Właściciel zagranicznego samochodu dostawczego, który w drugiej połowie 2021 r. przerobi pojazd na polskiego kampera, zapłaci podatek wyliczony od średniej wartości rynkowej ustalonej na 1 lipca 2022 r.

To oznacza, że akcyza od kamperów zostanie wyliczona od niższej podstawy opodatkowania niż mógł zakładać ustawodawca. Prawdopodobnie nie obejdzie się też bez pomocy biegłych.
Eksperci nie mają wątpliwości, że nowe przepisy będą problemem nie tylko dla podatników, lecz także dla samego fiskusa. – Nie tylko może on nie zarobić tyle, ile zakładał, ale będzie miał też duże problemy z ustaleniem wysokości podatku – uważa doradca podatkowy Jacek Arciszewski prowadzący własną kancelarię.

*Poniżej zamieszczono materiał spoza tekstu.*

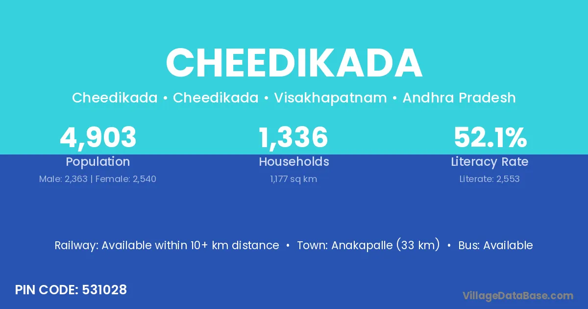 According to Census 2011 information, the village code of Cheedikada village is 531084.
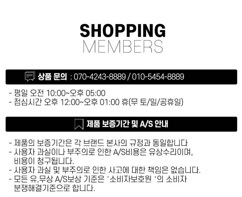- ㆍ모니터 해상도의 차이로 인해 색상이나 이미지가 실제와 달라, 고객이 단순 변심으로 교환/반품을 무료로 요청하는 경우
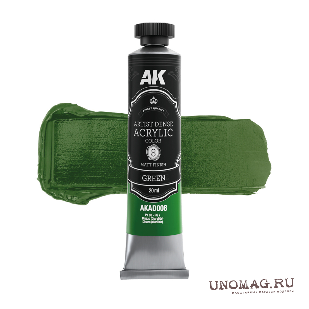 Краска акриловая ARTISTIC DENSE в тюбике - Зелёный / GREEN – ARTISTIC DENSE ACRYLIC COLOR, 20 мл
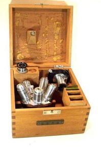 Optique allemande d’Ernst Leitz (1843-1920), dans un coffret en bois avec plaque en laiton du C.N.R.S.
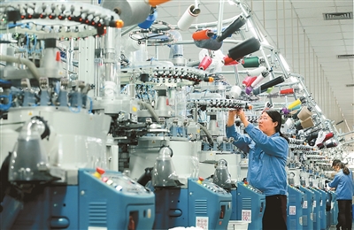新春伊始,山东省青岛市即墨区企业开足马力赶订单、保生产、抢市场,全力冲刺新春“开门红”。图为2月4日,即墨区通济街道一家制袜企业的工人在生产出口订单产品。
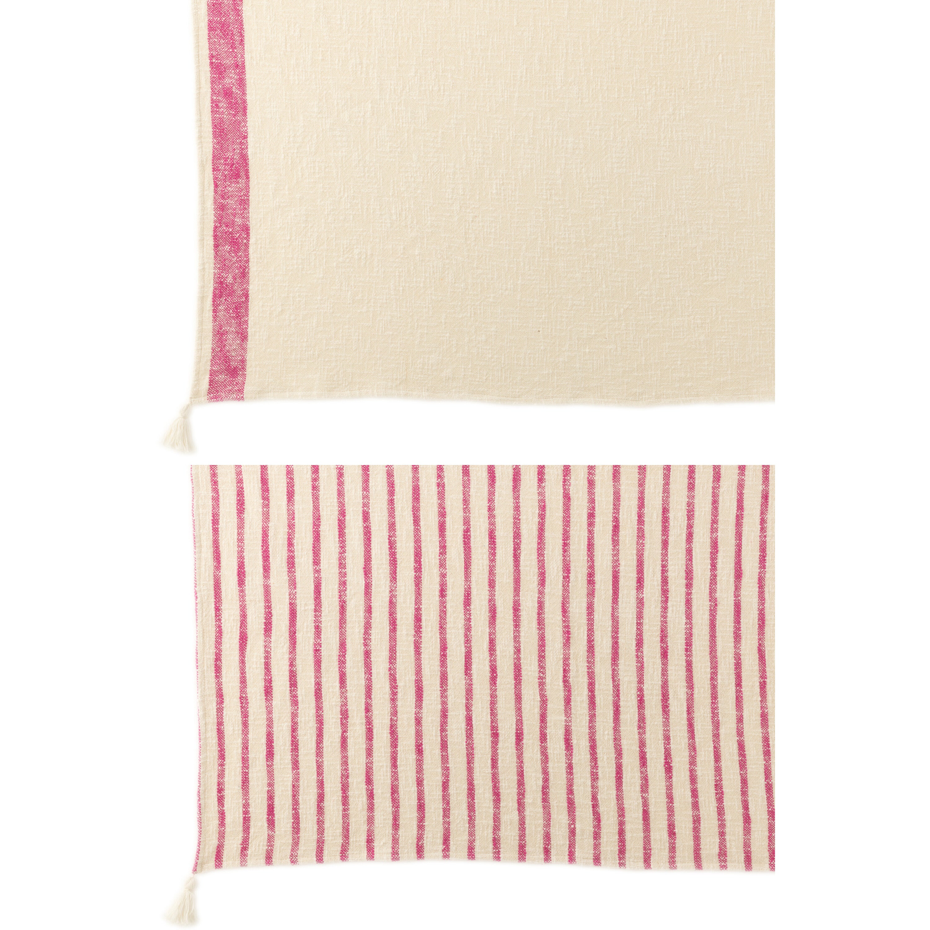 J-Line plaid Strepen + Kwasten - katoen - wit|roze - 2 stuks

Mowa o uchwalonej przez Sejm 30 marca br. nowelizacji ustawy o podatku akcyzowym i niektórych innych ustaw (8 kwietnia br. podpisał ją prezydent). O jej skutkach pisaliśmy szerzej w artykule „Akcyza od kamperów już od lipca. Wpłata dopiero za rok” (DGP nr 67/2021).
Opodatkowane przeróbki
Przypomnijmy, że chodzi o zmianę mającą na celu uszczelnienie systemu opodatkowania akcyzą. Już od lipca 2021 r. przeróbki samochodów dostawczych (nieobjętych akcyzą) na samochody osobowe (w tym na kampery, bo fiskus traktuje je jak osobówki) będą również podlegać akcyzie. Opodatkowane będzie „dokonanie w pojeździe samochodowym, innym niż samochód osobowy, zarejestrowanym na terytorium kraju zgodnie z przepisami o ruchu drogowym, zmian konstrukcyjnych zmieniających rodzaj tego pojazdu na samochód osobowy”.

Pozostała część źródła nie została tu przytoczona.